Absence of a decrease in Ki67 early in treatment might be predictive of therapeutic failure. For example, in the IMPACT trial (16), the value of Ki67 after 2 weeks of endocrine therapy had a stronger association with time to recurrence compared with pretreatment Ki67 level; moreover, association between pretreatment Ki67 level and time to recurrence was not statistically significant in a multivariable model that included both the pretreatment and 2-week Ki67 values (27). Given that the 2-week value results from the pretreatment value, which has prognostic importance, and the change over 2 weeks, which has predictive importance, this observation suggests that the 2-week value integrates both these effects and thereby provides an index of the residual risk after endocrine therapy. The possible advantage of measuring 2-week Ki67 instead of pretreatment Ki67 is under evaluation in the 4000-patient Peri-Operative Endocrine Therapy for Individualizing Care (POETIC) window-of-opportunity study (28).

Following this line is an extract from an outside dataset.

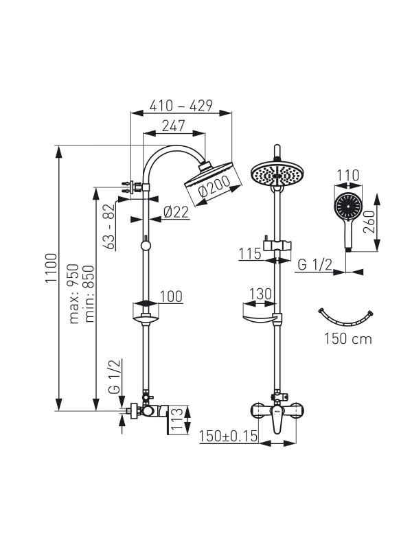 - G1/2 ekscentri 150 +/- 20 mm podesivi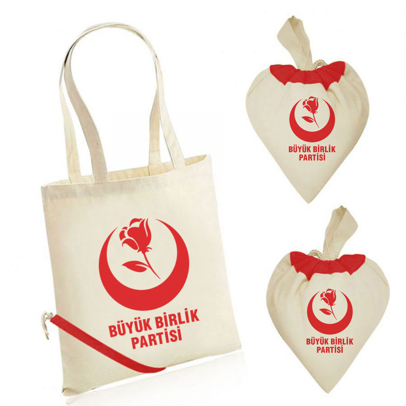Büyük Birlik Partisi Logo Baskılı Kalp Büzgülü Ham Bez Çanta

Using tumor samples accrued from a phase II neoadjuvant trial with letrozole (29), Ellis et al. (26) identified a group of patients in whom the proportion of tumor cells positive for Ki67 was 10% or greater after 4 weeks. As predicted from this relatively high on-treatment value, these patients were very unlikely to be in the PEPI zero category (defined by pathological tumor size ≤5 cm, node negative, Ki67 ≤2.7%, and ER >2 Allred score after endocrine treatment) for which treatment without chemotherapy could be considered. Taken together with the previously published results (26,27), these data suggest that Ki67 evaluation at an early time point can be used to triage ER-positive patients away from neoadjuvant endocrine therapy to neoadjuvant chemotherapy. These investigators are prospectively validating this finding in an extension of the Z1031 trial (cohort b; trial registration number NCT00265759).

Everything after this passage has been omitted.